Emerging markets-focused bank Standard Chartered cut its bonus pool by 13 per cent to $1.2bn (£700m) last year, after a disappointing performance.
Chief executive Peter Sands said: “2013 was not a great year. We are making changes to adapt to the new realities.”
The lender paid 118 of its staff at least $1.4m last year, with chief executive Peter Sands’ pay down 38 per cent from 2012, at $6.8m. Mike Rees, its head of investment banking, got $9.5m – about $8.3m of that was bonuses, pension and benefits.

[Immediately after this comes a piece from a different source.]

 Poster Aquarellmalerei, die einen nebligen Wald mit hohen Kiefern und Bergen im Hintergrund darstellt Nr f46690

Cooling emerging markets – it makes 90 per cent of its profit in Asia, Africa and the Middle East – and a $667m fine from US regulators in 2012 hit results, with shares trending down signficantly over the past year. Sands warned that performance will "remain challenged" at both an income and profit level in the first half of this year.
The bank’s had to adjust its pay structure to comply with EU rules that cap bonuses at 200 per cent of base salary.

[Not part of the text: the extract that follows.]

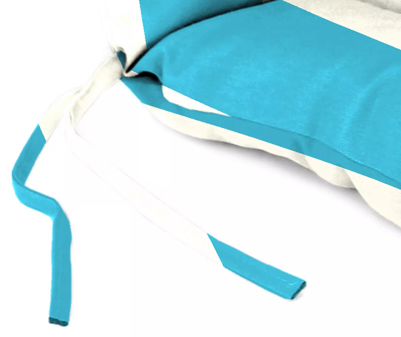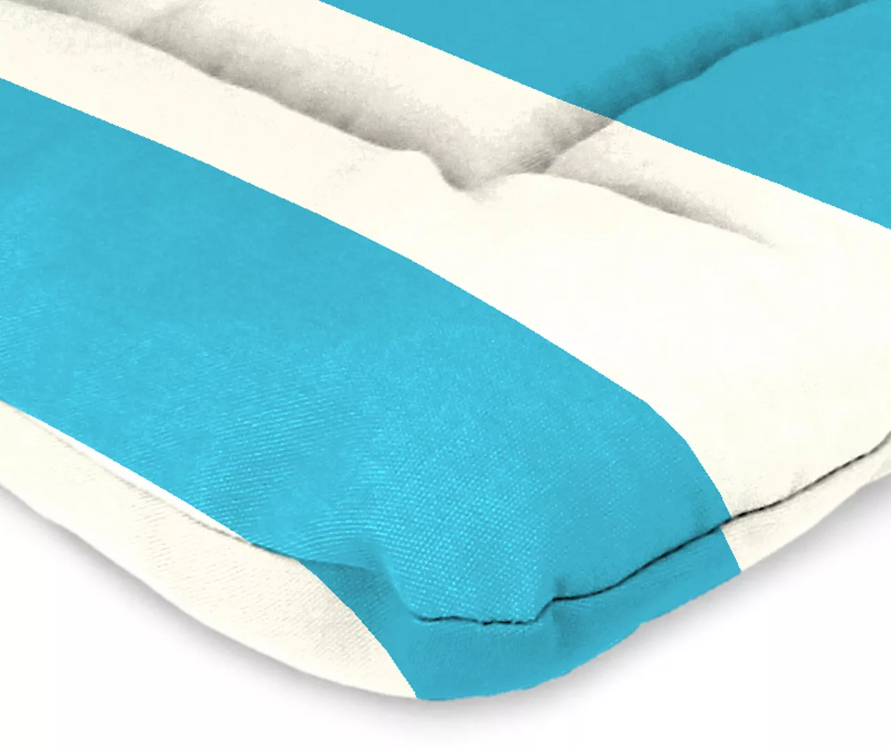 - Lovely Euro-style outdoor chair cushion with a charming white and turquoise cabana striped pattern

This means that Rees could be paid $11.4m this year, but that’s down from the $21.4m he could have been paid last year. Sands could be paid $12.4m, down from a maximum payout of $14.5m prior to the cap.
The chief executive’s base pay has gone up to $1.86m, from $1.68m, with an allowance of $1.1m. Rees’ salary’s increased to $1.62m, with an allowance of $1m.
The bank’s committee said in its annual report:
The proposals have inevitably, and regrettably, resulted in an increase in fixed pay. The Committee has sought to minimise the level of fixed pay allowances and has offset the increase in fixed pay by paying the allowance in shares, deferring a greater proportion of TVC, increasing the deferral period, and reducing the maximum level of pay for executive directors.